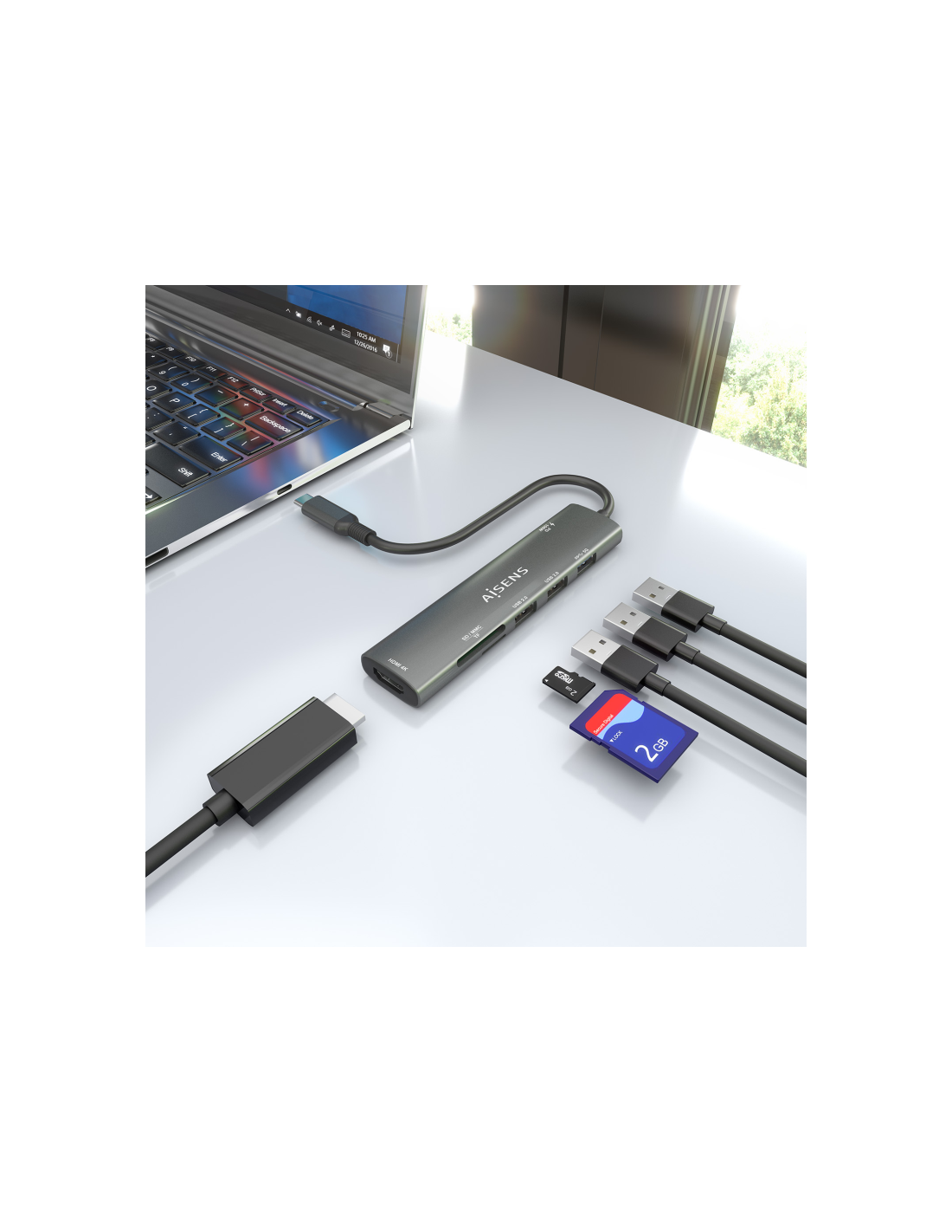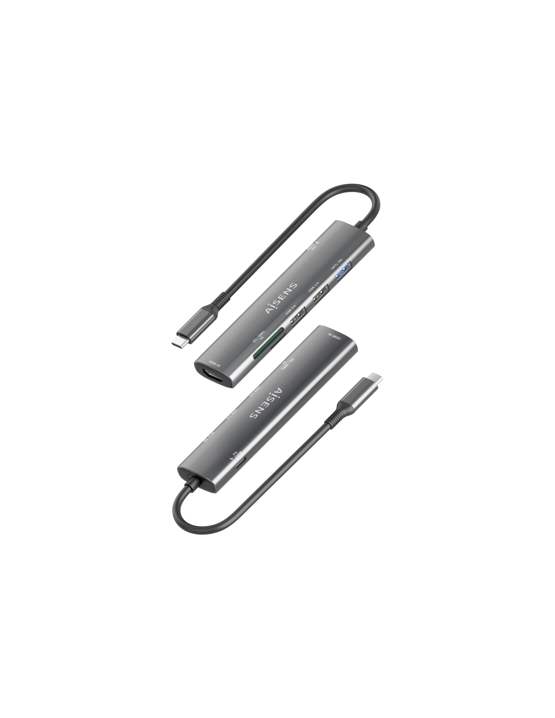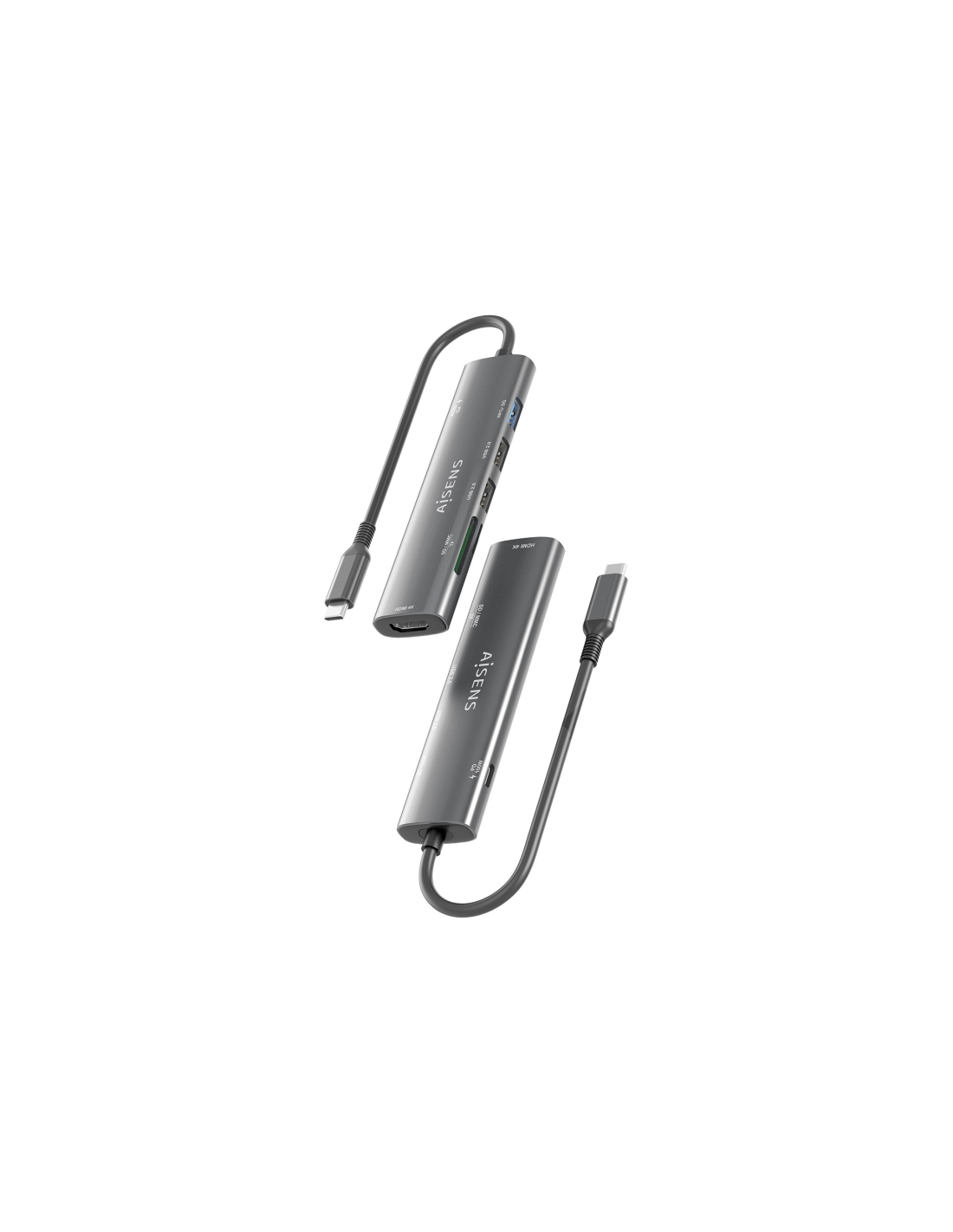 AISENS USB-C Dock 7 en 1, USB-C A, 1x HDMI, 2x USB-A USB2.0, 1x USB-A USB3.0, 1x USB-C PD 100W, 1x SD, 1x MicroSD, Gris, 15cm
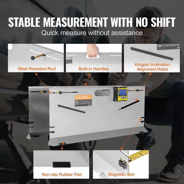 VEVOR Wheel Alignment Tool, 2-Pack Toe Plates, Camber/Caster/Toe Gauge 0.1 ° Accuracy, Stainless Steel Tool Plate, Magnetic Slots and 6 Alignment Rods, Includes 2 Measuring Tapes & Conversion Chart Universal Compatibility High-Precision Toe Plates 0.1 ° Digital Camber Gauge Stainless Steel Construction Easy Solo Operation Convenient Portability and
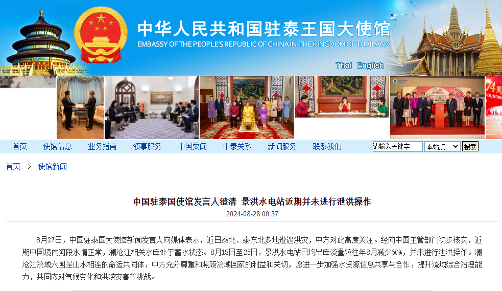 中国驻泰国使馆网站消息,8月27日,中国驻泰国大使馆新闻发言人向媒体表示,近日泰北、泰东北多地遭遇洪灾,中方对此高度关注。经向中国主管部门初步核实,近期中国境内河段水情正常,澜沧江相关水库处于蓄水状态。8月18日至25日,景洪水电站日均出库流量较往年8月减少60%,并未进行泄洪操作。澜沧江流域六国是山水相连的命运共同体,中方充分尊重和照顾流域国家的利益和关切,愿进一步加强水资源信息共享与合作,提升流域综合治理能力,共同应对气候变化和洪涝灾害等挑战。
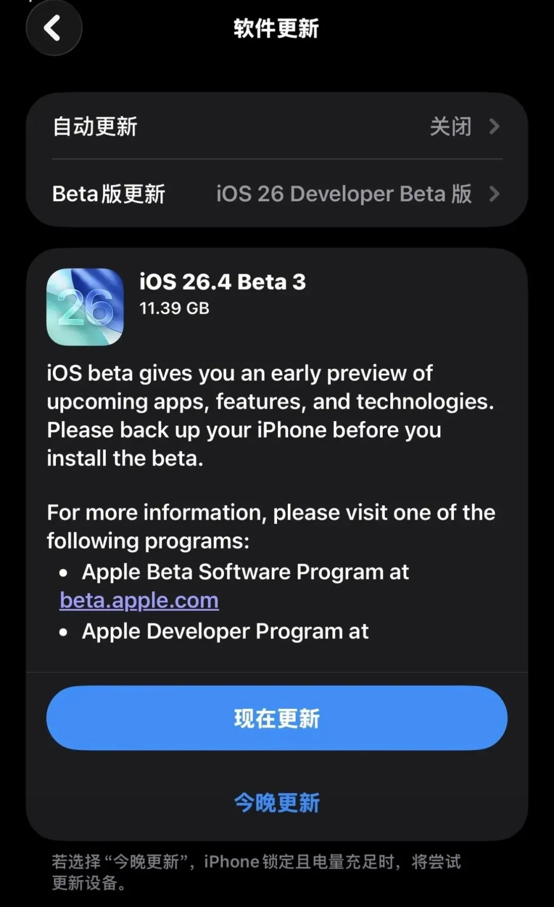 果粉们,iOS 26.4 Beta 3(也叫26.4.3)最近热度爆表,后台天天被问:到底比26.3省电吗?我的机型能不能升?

- - -

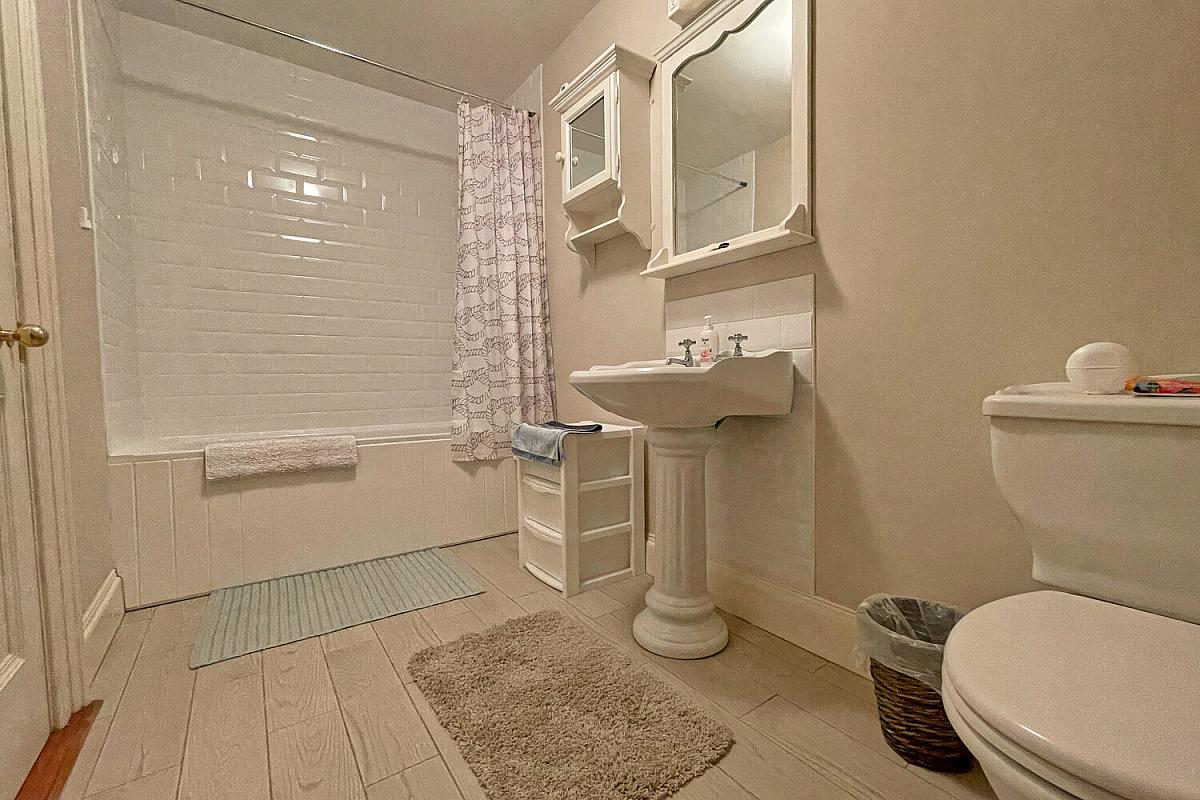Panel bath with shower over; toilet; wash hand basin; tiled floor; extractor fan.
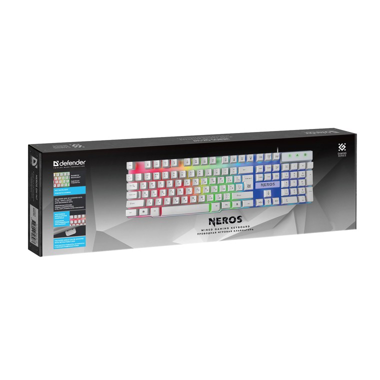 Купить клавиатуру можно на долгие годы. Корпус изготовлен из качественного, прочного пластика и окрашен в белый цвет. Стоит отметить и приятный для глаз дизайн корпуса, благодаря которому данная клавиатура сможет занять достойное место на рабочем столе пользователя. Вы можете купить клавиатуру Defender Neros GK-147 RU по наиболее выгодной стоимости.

- - -

▶ The problem
Every line from the one with "AISENS USB-C Dock" through the one with "果粉们,iOS 26.4 Beta" is to be reproduced exactly as written above, and the pictures are to be dropped.

▶ Answer to the problem
 AISENS USB-C Dock 7 en 1, USB-C A, 1x HDMI, 2x USB-A USB2.0, 1x USB-A USB3.0, 1x USB-C PD 100W, 1x SD, 1x MicroSD, Gris, 15cm
 VEVOR Wheel Alignment Tool, 2-Pack Toe Plates, Camber/Caster/Toe Gauge 0.1 ° Accuracy, Stainless Steel Tool Plate, Magnetic Slots and 6 Alignment Rods, Includes 2 Measuring Tapes & Conversion Chart Universal Compatibility High-Precision Toe Plates 0.1 ° Digital Camber Gauge Stainless Steel Construction Easy Solo Operation Convenient Portability and
 中国驻泰国使馆网站消息,8月27日,中国驻泰国大使馆新闻发言人向媒体表示,近日泰北、泰东北多地遭遇洪灾,中方对此高度关注。经向中国主管部门初步核实,近期中国境内河段水情正常,澜沧江相关水库处于蓄水状态。8月18日至25日,景洪水电站日均出库流量较往年8月减少60%,并未进行泄洪操作。澜沧江流域六国是山水相连的命运共同体,中方充分尊重和照顾流域国家的利益和关切,愿进一步加强水资源信息共享与合作,提升流域综合治理能力,共同应对气候变化和洪涝灾害等挑战。
 果粉们,iOS 26.4 Beta 3(也叫26.4.3)最近热度爆表,后台天天被问:到底比26.3省电吗?我的机型能不能升?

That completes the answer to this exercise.